Thank you for contacting support. We have added an image source in the HTML (as you mentioned), and then converted it to the JPEG, we can see this image icon in the output JPEG. We have attached both HTML file and output JPEG to this reply. Kindly let us know which Aspose.Pdf for .NET API version you are using. If this does not help, then please send us a sample HTML file. We will investigate and share our findings with you.

Hi, Imran,

Thanks for your reply. I tried to add the image source that you used, it also works with my code. I notice the difference:

  1. The image source in my code - “<span style=“background-color: rgb(255, 255, 255); color: rgb(34, 34, 34); font-family: Consolas, “Lucida Console”, “Courier New”, monospace; font-size: 12px; white-space: pre-wrap;”>http://localhost/.../FormLogos/d3a1610d-bbd1-4dd3-94f3-a784016bd080/Image” is going to visit the server, currently running locally. I type this address in the browser, which is going to download the image .jpg to the local disk. Instead, for the image source you used, the browser is going to show it directly. Does this matter?

  2. Is there any time limit for loading the html when converting html to pdf/jpeg? I’m thinking if it is possible that the html is not fully loaded. Because it’s gonna take some time to load the logo image in this way - “<span style=“background-color: rgb(255, 255, 255); color: rgb(34, 34, 34); font-family: Consolas, “Lucida Console”, “Courier New”, monospace; font-size: 12px; white-space: pre-wrap;”>http://localhost/.../FormLogos/d3a1610d-bbd1-4dd3-94f3-a784016bd080/Image”, which is a little bit heavy.

How do you think?

Hi,


Thank you for the inquiry.
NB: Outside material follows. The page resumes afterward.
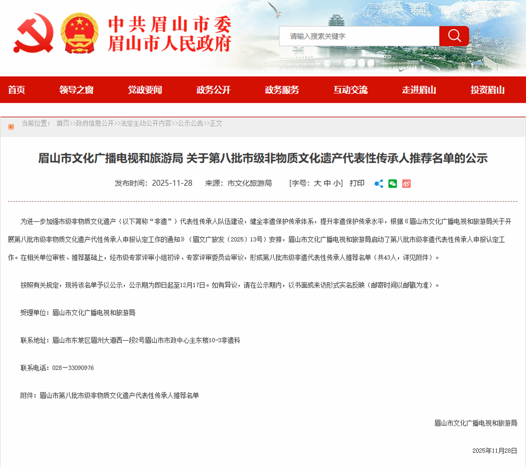 近日,眉山市文化广播电视和旅游局公布第八批市级非物质文化遗产代表性传承人推荐名单,我校特聘教师吴长清成功入选,传承项目为东坡肘子制作技艺。

One way round is that you can download this image with a web request, embed an image in the HTML, and then convert it to the JPEG format. Anyways, it would be great if you can provide such a public URL, furthermore, we are replicating your scenario in our environment and let you know about our findings soon.

Hi Imran,


I have two questions about converting html to pdf/jpeg.

1. Could it load the external .js file in html? In my work, the .js file doesn’t work in html.

2. Is there any way to show if the html is loaded ready when converting html to pdf/jpeg?
I’m thinking maybe the html is not loaded ready when it takes screenshot for converting, if it support .js file.

Thanks

Hi Imran,


This is a follow-up question:

Does Aspose use the internal rendering engine, or some public rendering engine like Webkit?

Thanks
1 Like

Hi,


Thank you for the inquiry. Aspose.Pdf for .NET API has its own rendering engine and do not use any public rendering engine. It can load external resources, including Javascripts, and when we load an HTML into the Document instance, then it means the HTML is loaded with external resources. Furthermore, you can customize the way of loading external resources. Please refer to this help topic: Convert HTML to PDF - Resource Loading Callback

Hi,


In my case, I notice that the Aspose.pdf doesn’t execute the Javascript built in the html file when converting html to pdf/jpeg. It seems the Javascript part was just ignored in conversion process.
Do you know anything about this?

Thanks

Hi,


Thank you for the details. We can find a few already logged tickets for not being able to run JavaScript in the output PDF documents. We have plans to improve that area, so kindly send us your source HTML file, which includes JavaScript. We will investigate and share our findings with you. Your response is awaited.

Hi,


Thanks for your reply. I attached a sample HTML file and the output image. You can see the difference:

1. The pagination bar, which should be controlled by javascript (thumbnail.js). We can see the javascript doesn’t execute.
2. The Previous and Next button also doesn’t show well.

Thanks,

Hi,


Thank you for posting source files. We managed to replicate the said problem in our environment. It has been logged under the ticket ID PDFNET-42909 in our bug tracking system. We have linked your post to this ticket and will keep you informed regarding any available updates. We are sorry for the inconvenience caused.